Securing KG API

[jachro]

As a Renku owner, I'd like the knowledge-graph service API is secured :)

This epic is a starting point to some conversation about how to protect the KG API.

Once all the following issues are done:

SwissDataScienceCenter/renku-gateway/issues/168, SwissDataScienceCenter/renku-gateway/issues/169, SwissDataScienceCenter/renku-gateway/issues/170

Renku will start serving KG API to the world. All the endpoints will be secured by the Gateway verifying the access token and either returning 401 Forbidden or redirecting to the knowledge-graph service. However, securing the knowledge-graph API seems to be a bit more complicated topic as there are various aspects of protecting the data not just access to the endpoint.

• At the moment KG API does not check at all if a request issuing entity should get some data or not. I imagine the Gateway would be able to pass some sort of access token to the KG so it can verify it by calling a relevant Keycloak API. Question: do we want to make the access token mandatory for all the data or just related to private/internal projects?
• Assuming there's no need to present an access token for getting to the public project's data, what if for instance there's a call to get public project's datasets but some of these datasets are also used by private/internal projects? Should we use the same model as GitLab and simply list all the project except those which we have no access to?
• Similarly to the point above, assuming the caller has a valid access token for getting to its project's data, and using the same example with project's datasets, some of the datasets are linked to private/internal projects which this user has no access to, should we present just the data he's got access to? The so-called GitLab model, of presenting only the data the caller has access to, seems to be reasonable but a bit difficult to achieve. Can we maybe take advantage of the consent users are acknowledging by clicking the Activate Knowledge Graph and simply show all the data for all the users? In the end, it's just metadata, not the content of the repository. I can also imagine, that e.g. if somebody uses a dataset from my public project, I would maybe wish to see all the usages regardless of the visibility of the projects.

[ableuler]

Question: do we want to make the access token mandatory for all the data or just related to private/internal projects?

I would prefer to not make it mandatory. This will allow us to offer some functionality to the logged-out user too.

Should we use the same model as GitLab and simply list all the project except those which we have no access to?

I haven't thought this through, but intuitively I would like to treat inter-project links as public information. For example, it could be ok to show the information that a public project X has used a dataset from a private project Y which has also been used in another private project Z. At the same time I would like to keep metadata about the private projects involved protected (name, author, etc).

[ciyer]

Can we make a few example scenarios here? I think we just need to distinguish between projects that are visible and invisible to the user. Projects are visible if the user has access to them and invisible otherwise. If we use A -> B to mean that B uses data from A and Visible[i] and Invisible[i] for the ith visible and invisible project, respectively.

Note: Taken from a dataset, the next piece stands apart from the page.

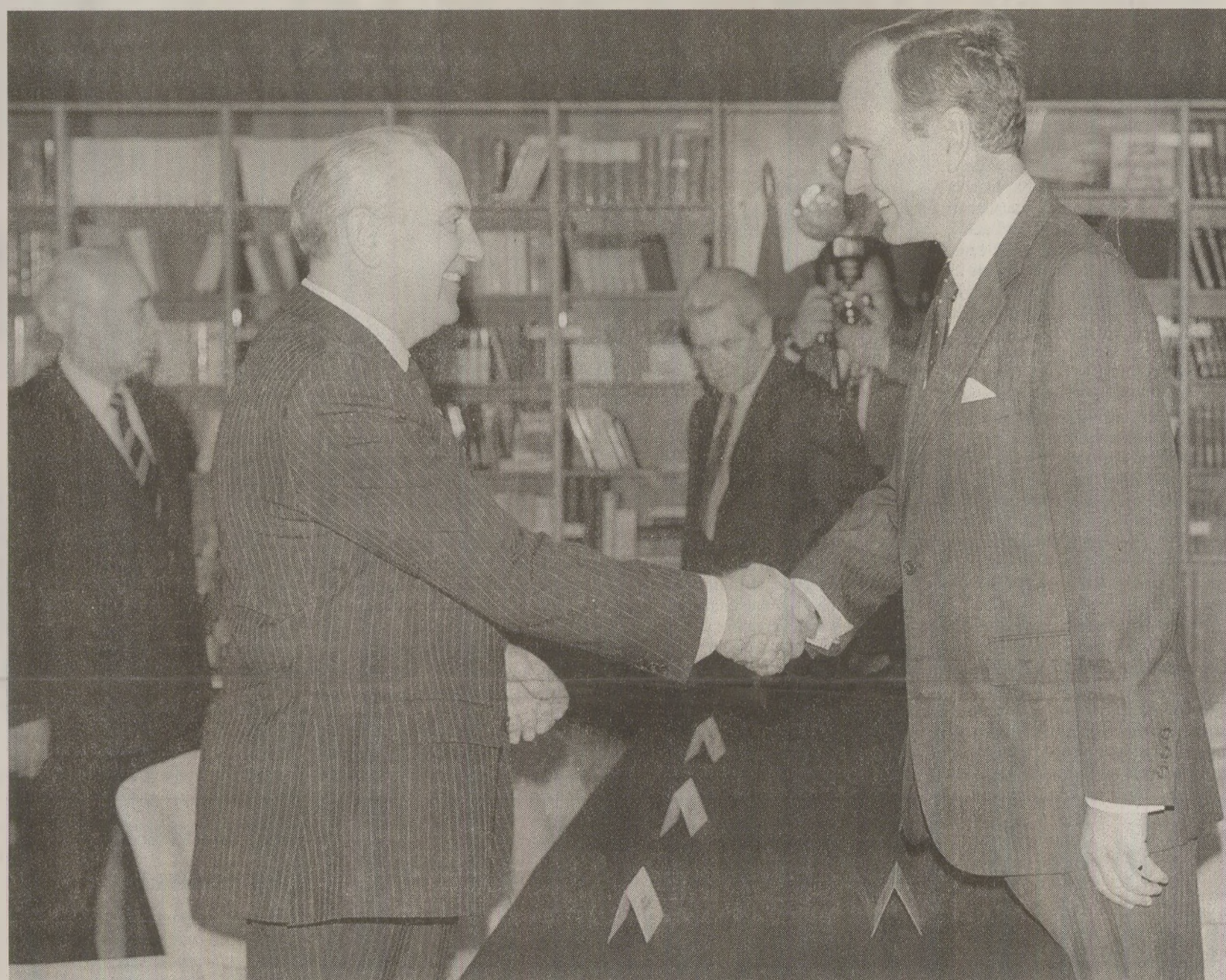
Anumite momentele ale întrevederii n-au fost consemnate, fiind „între patru ochi”, iar anumite pasaje înregistrate n-au fost făcute publice încă.

Cu referire la atmosfera întâlnirii a fost citată adesea versiunea lui M.R. Beshloss și S. Talbot. Distona „agitația” lui Ceaușescu printr-o celtă, au povestit consilierii lui Bush fără a-și fi citat sursele. „Tiranul sta-

I think the scenarios we need to handle are:

1. Invisible0 -> Visible0
2. Visible0 -> Invisible0
3. Visible0 -> Invisible0 -> Visible1
4. Visible0 -> Invisible0 -> Invisible1
5. Invisible0 -> Invisible1 -> Visible0

What should the user see in the KG in these situations?

Does the user see that there is an invisible project? And if there is more than one invisible project in the path, does the user learn that they are different projects (that Invisible0 != Invisible1)?

I can imagine circumstances where each of the possibilities make sense:

• Invisible projects are shown, but without names
• Invisible projects are shown, but not distinguished
• Invisible projects are now shown

[ableuler]

I can imagine circumstances where each of the possibilities make sense:

• Invisible projects are shown, but without names
• Invisible projects are shown, but not distinguished
• Invisible projects are now shown

I'd have the tendency to show them in indistinguishable manner per default. What would be scenarios for you where

• informing about the existence of a totally unspecified project would be revealing too much information?
• being able to distinguish otherwise hidden projects would be a big added value?